▶ Exercise: Transcribe every entry word for word, leaving out all images.

▶ Data items:
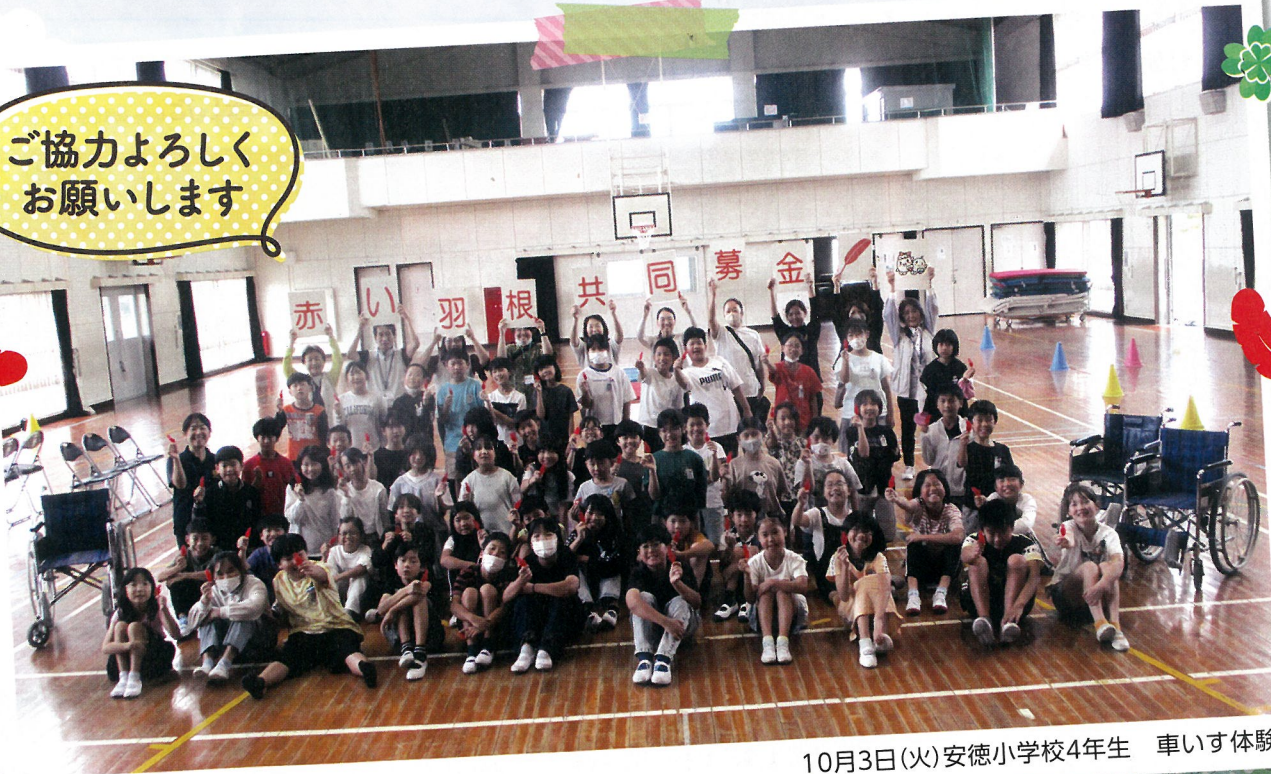
10月3日(火)安徳小学校4年生 車いす体験

社会福祉法人 那珂川市社会福祉協議会 〒811-1242 福岡県那珂川市西隈1丁目1-2 那珂川市福祉センター TEL(092)952-4565 FAX(092)952-7321 Mail n-shakyo@dream.ocn.ne.jp
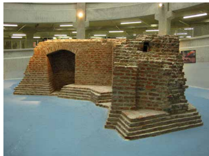
Bij de aanleg van de Houtwalgarage stuitten de bouwers op de restanten van de voorpoort. Die staan nu helemaal onderin de parkeergarage.
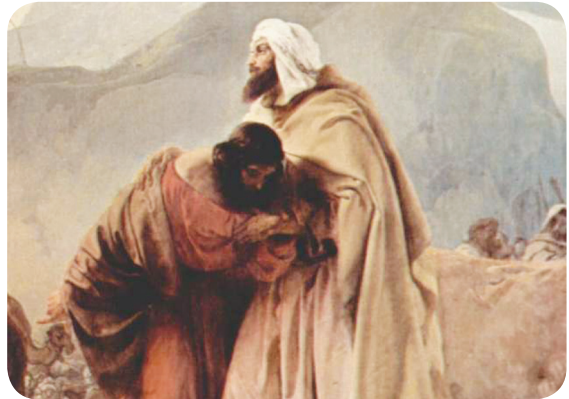
20.2 රූපය - ජාකොබ් සහ ඒසව් සමගි වීම

තම වරද ගැන පසුතැවිලි වන ජාකොබ් සමාව ගැනීමට ඒසව් වෙත පැමිණෙයි. ඒසව් දුටු ජාකොබ් සත් වරක් වැඳ වැටී තම වරද වෙනුවෙන් සමාව අයැදීය. ඒසව් හඬමින් තම සහෝදරයා වැළඳ ගනිමින් ඔහුට සමාව දුන්නේ ය.
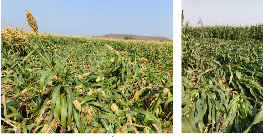
అకాల వర్షానికి నేలకొరిగిన జొన్న మొక్కజొన్న పంటలు నిర్మల్ జిల్లా నర్సాపూర్ జి మార్చ్ 31 అమృత్ తెలంగాణ నర్సాపూర్ జి మండలంలోని నర్సాపూర్ కున్న తిమ్మాపూర్ గ్రామంలో సోమవారం అర్ధరాత్రి ఈదురు గాలులతో కూడిన అకాల వర్షం రైతులకు తీవ్ర నష్టాన్ని మిగిల్చాయి. మండలంలోని రైతులు తమ హిలంలో ఎంతో కష్టపడి మొక్కజొన్న సాగు చేయగా కోతకు సిద్ధంగా ఉన్న తరుణంలో కళ్ళముందే పంట నేలకొరిగడంతో రైతులు కన్నీటి పర్యంతమయ్యారు. అప్పులు తెచ్చి పెట్టుబడి పెడితే, కనీసం అనలు కూడా వచ్చేలా లేదని ఆవేదన వ్యక్తం చేశారు. ప్రభుత్వం తక్షణమే స్పందించి పంట నష్టం అంచనావేసి, తమకు ఆదుకోవాలని బాధిత రైతులు వేడుకుంటున్నారు.
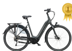
Eerste plaats BATAVUS Finez E-go Power Sport

De Batavus valt in de smaak omwille van zijn comfortabele rijkwaliteiten en uitstekende wendbaarheid. Ook de innovatieve verlichting met automatisch groot licht en laser-beam achterlicht bleven niet onopgemerkt door de jury!
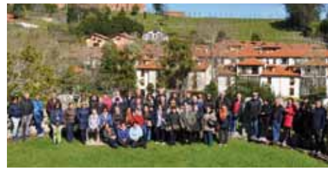
Fin de Semana Lebaniego 2019

De la mano de la concejalía de Bienestar Social del Ayuntamiento de Coaña, llevaremos a cabo entre
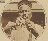
Wie man einer Coban das Gift entzieht. Die Mund wird an ein starkes Wasserrohr angelegt, welches durch die Sprache leitet und das Gift entfernt dem Zahn und Hild in das Glas.
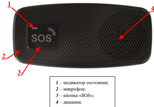
Рисунок 1 - Внешний вид изделия сверху
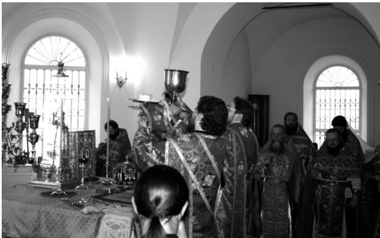
Литургия в храме анн. Петра и Павла

зать, сколько метаний и страстей пришлось здесь пережить, тем не менее нас внутренне это стало преображать. Объединение власть предержащих, работников культуры, журналистов, сотрудников педагогического сообщества состоялось на генетическом уровне. Все мы вместе с братией монастыря стали едины в неосязаемом пространстве, в глубинах нашего коллективного начала. Очень бы хотелось, чтобы та модель взаимоотношений, которая выстроилась в Мещовске, состоялась во всей России. Почему? Да потому что нам этого остро не хватает в масштабах нашей огромной страны. В глубине русского народа сейчас происходит раздвоение сознания. В душе разделены Церковь, общество, государство. Любые потрясения, которые посылает нам Господь, в частности, недавняя трагедия в Краснодарском крае, показывают, что народ не доверяет власти, а власть не знает, как это объяснить народу. Внутрен-
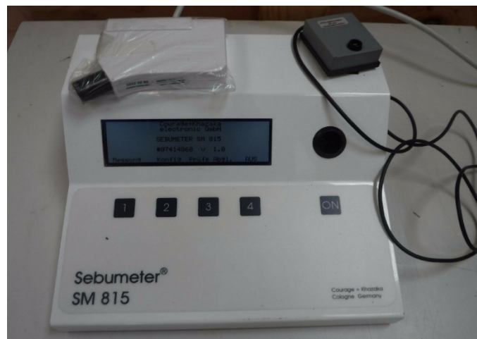
Gambar 1. Sebumeter SM 815® (Courage & Khazaka Electronic Co, Cologne, Germany)

Germany) terdiri dari sebuah kaset yang berisi gulungan plastik film dan kotak kecil dengan fotometer didalamnya. Pada saat film tersebut di aplikasikan ke kulit maka sebum akan di absorpsi selama 30 detik sehingga berubah transparan. Perubahan film menjadi transparan kemudian di ukur oleh fotometer yang terdapat di dalam kotak sebumeter, diukur secara otomatis dan cepat sehingga keluar hasil konsentrasi sebum dalam satuan microgram per sentimeter persegi ( \mu\text{g}/\text{cm}^2 ). Seluruh prosedur ini membutuhkan waktu lebih dari 1 menit. (Pande and Misri, 2005)

▶ Response area:
10月3日(火)安徳小学校4年生 車いす体験

社会福祉法人 那珂川市社会福祉協議会 〒811-1242 福岡県那珂川市西隈1丁目1-2 那珂川市福祉センター TEL(092)952-4565 FAX(092)952-7321 Mail n-shakyo@dream.ocn.ne.jp
Bij de aanleg van de Houtwalgarage stuitten de bouwers op de restanten van de voorpoort. Die staan nu helemaal onderin de parkeergarage.
20.2 රූපය - ජාකොබ් සහ ඒසව් සමගි වීම

තම වරද ගැන පසුතැවිලි වන ජාකොබ් සමාව ගැනීමට ඒසව් වෙත පැමිණෙයි. ඒසව් දුටු ජාකොබ් සත් වරක් වැඳ වැටී තම වරද වෙනුවෙන් සමාව අයැදීය. ඒසව් හඬමින් තම සහෝදරයා වැළඳ ගනිමින් ඔහුට සමාව දුන්නේ ය.
అకాల వర్షానికి నేలకొరిగిన జొన్న మొక్కజొన్న పంటలు నిర్మల్ జిల్లా నర్సాపూర్ జి మార్చ్ 31 అమృత్ తెలంగాణ నర్సాపూర్ జి మండలంలోని నర్సాపూర్ కున్న తిమ్మాపూర్ గ్రామంలో సోమవారం అర్ధరాత్రి ఈదురు గాలులతో కూడిన అకాల వర్షం రైతులకు తీవ్ర నష్టాన్ని మిగిల్చాయి. మండలంలోని రైతులు తమ హిలంలో ఎంతో కష్టపడి మొక్కజొన్న సాగు చేయగా కోతకు సిద్ధంగా ఉన్న తరుణంలో కళ్ళముందే పంట నేలకొరిగడంతో రైతులు కన్నీటి పర్యంతమయ్యారు. అప్పులు తెచ్చి పెట్టుబడి పెడితే, కనీసం అనలు కూడా వచ్చేలా లేదని ఆవేదన వ్యక్తం చేశారు. ప్రభుత్వం తక్షణమే స్పందించి పంట నష్టం అంచనావేసి, తమకు ఆదుకోవాలని బాధిత రైతులు వేడుకుంటున్నారు.
Eerste plaats BATAVUS Finez E-go Power Sport

De Batavus valt in de smaak omwille van zijn comfortabele rijkwaliteiten en uitstekende wendbaarheid. Ook de innovatieve verlichting met automatisch groot licht en laser-beam achterlicht bleven niet onopgemerkt door de jury!
Fin de Semana Lebaniego 2019

De la mano de la concejalía de Bienestar Social del Ayuntamiento de Coaña, llevaremos a cabo entre
Wie man einer Coban das Gift entzieht. Die Mund wird an ein starkes Wasserrohr angelegt, welches durch die Sprache leitet und das Gift entfernt dem Zahn und Hild in das Glas.
Рисунок 1 - Внешний вид изделия сверху
Литургия в храме анн. Петра и Павла

зать, сколько метаний и страстей пришлось здесь пережить, тем не менее нас внутренне это стало преображать. Объединение власть предержащих, работников культуры, журналистов, сотрудников педагогического сообщества состоялось на генетическом уровне. Все мы вместе с братией монастыря стали едины в неосязаемом пространстве, в глубинах нашего коллективного начала. Очень бы хотелось, чтобы та модель взаимоотношений, которая выстроилась в Мещовске, состоялась во всей России. Почему? Да потому что нам этого остро не хватает в масштабах нашей огромной страны. В глубине русского народа сейчас происходит раздвоение сознания. В душе разделены Церковь, общество, государство. Любые потрясения, которые посылает нам Господь, в частности, недавняя трагедия в Краснодарском крае, показывают, что народ не доверяет власти, а власть не знает, как это объяснить народу. Внутрен-
Gambar 1. Sebumeter SM 815® (Courage & Khazaka Electronic Co, Cologne, Germany)

Germany) terdiri dari sebuah kaset yang berisi gulungan plastik film dan kotak kecil dengan fotometer didalamnya. Pada saat film tersebut di aplikasikan ke kulit maka sebum akan di absorpsi selama 30 detik sehingga berubah transparan. Perubahan film menjadi transparan kemudian di ukur oleh fotometer yang terdapat di dalam kotak sebumeter, diukur secara otomatis dan cepat sehingga keluar hasil konsentrasi sebum dalam satuan microgram per sentimeter persegi ( \mu\text{g}/\text{cm}^2 ). Seluruh prosedur ini membutuhkan waktu lebih dari 1 menit. (Pande and Misri, 2005)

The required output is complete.